Уленшпигель перерезал веревки. Ламме, в одних белых холщовых подштанниках, спрыгнул с кровати и сам начал спускать шлюпку на воду.
— Посмотри на Ламме, — сказал Уленшпигель Неле, — у него руки дрожат от нетерпения.
Как скоро шлюпка была спущена, Уленшпигель, Неле и Ламме прыгнули в нее вместе с гребцом и направились к флиботу, стоявшему далеко в гавани.
— Красавец флибот! — заметил Ламме, помогая гребцу.
На холодном утреннем небе, напоминавшем хрусталь, озлащенный лучами зари, отчетливо вырисовывались очертания корабля и стройных его мачт.
Ламме продолжал грести.
— Как же ты ее нашел? — спросил Уленшпигель.

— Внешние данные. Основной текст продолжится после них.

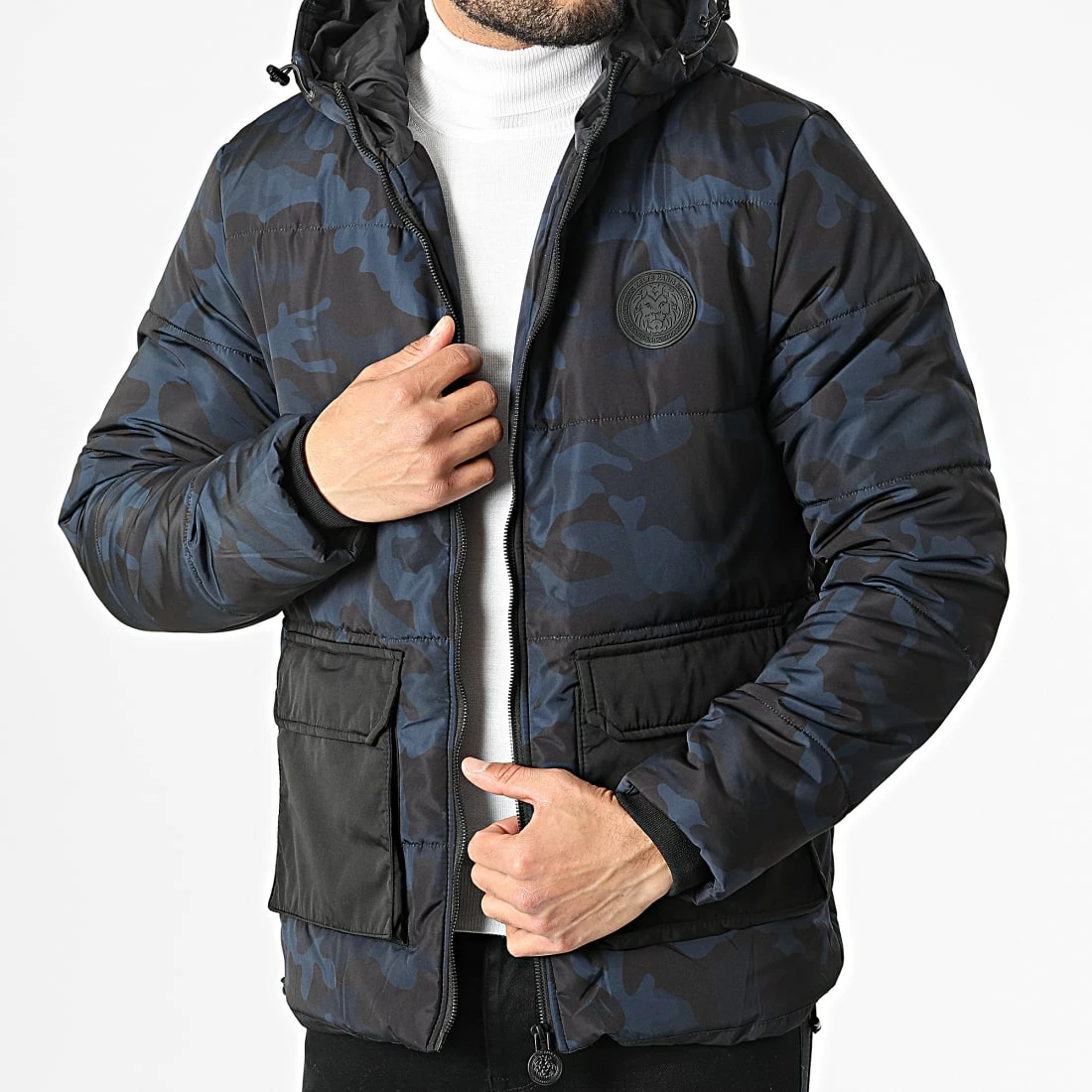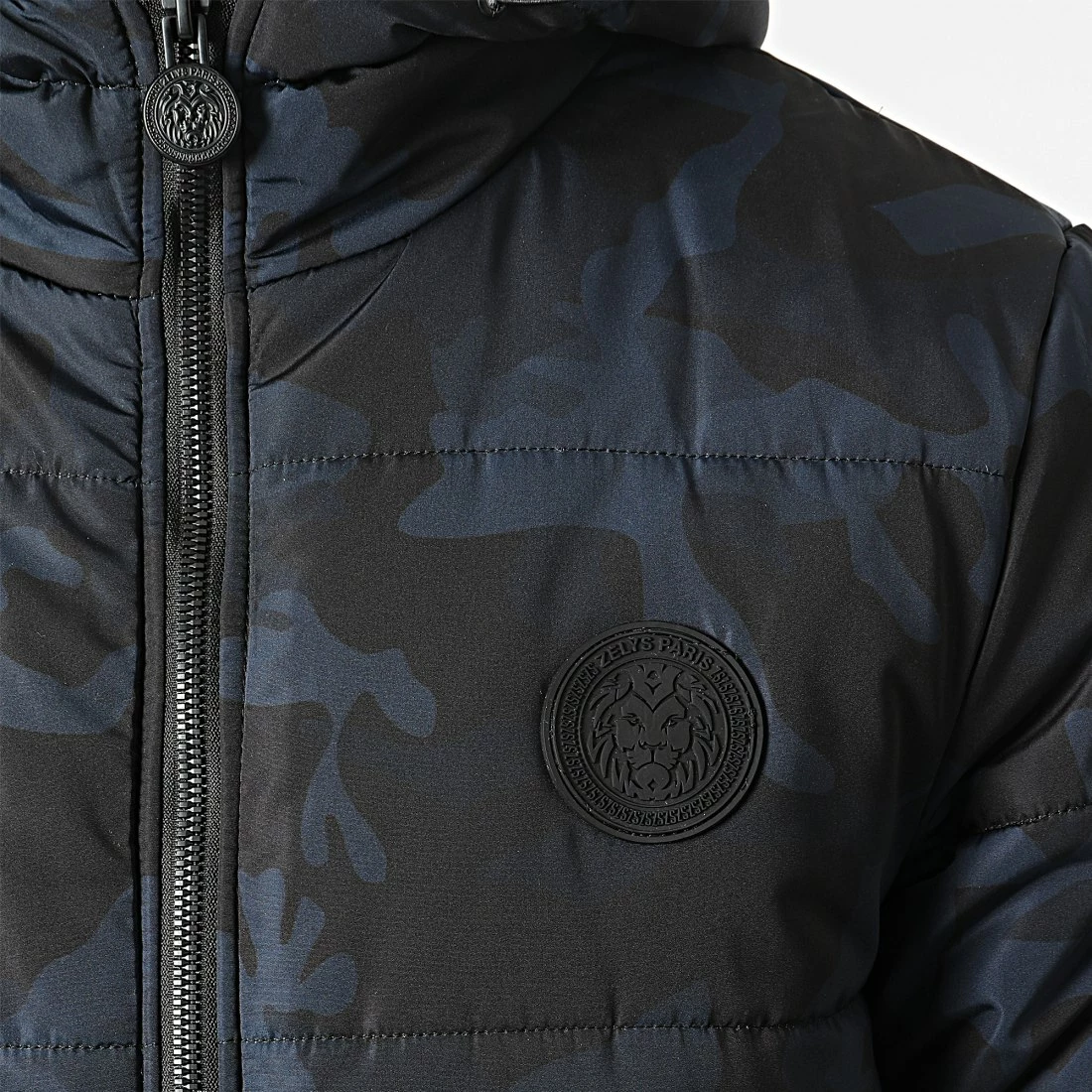 Meilleur prix 🛒 Doudoune Capuche Aros Bleu Marine Camouflage de Zelys Paris 🎉

Ламме прерывающимся голосом начал рассказывать:
— Мне стало лучше, я уснул. Вдруг слышу сухой стук. Какой-то деревянный предмет стукнулся о борт. Шлюпка. Выбегает моряк: «Кто это?» В ответ тихий голосок, ее голосок, сын мои, ее, ее нежный голосок: «Друзья!» Вслед за тем чей-то грубый голос: «Да здравствует Гез! От капитана флибота ,,Иоанна" к Ламме Гудзаку». Моряк бросает лестницу. Луна светит вовсю; гляжу, на палубу поднимается человек в мужском одеянии, но у этого человека налитые бедра, округлые колени, широкий таз. «Нет, — думаю себе, — это переодетая женщина». Вдруг, чувствую, словно роза распустилась и касается моей щеки, — это были ее губы, сын мой. Потом, слышу, она заговорила — понимаешь: она! Покрывает меня поцелуями, плачет. У меня было такое чувство, точно по моему телу разлился жидкий душистый огонь: «Я знаю, что поступила дурно, но я люблю тебя, муж мой! Я дала обет богу, но я нарушила клятву, муж мой, милый мой муж! Я часто приходила к тебе, но не решалась приблизиться. Наконец моряк мне позволил. Я перевязала твою рану, но ты меня не узнал. Все-таки я тебя вылечила. Не сердись на меня, муж мой! Я не упускала тебя из виду, но я боюсь: он здесь, у вас на корабле. Пусти меня! Если он меня увидит — проклянет, и гореть мне тогда в огне вечном!» Тут она еще раз меня поцеловала, смеясь и плача, и ушла, невзирая на мои мольбы, на мои слезы. Ты связал меня по рукам и ногам, сын мой, но теперь...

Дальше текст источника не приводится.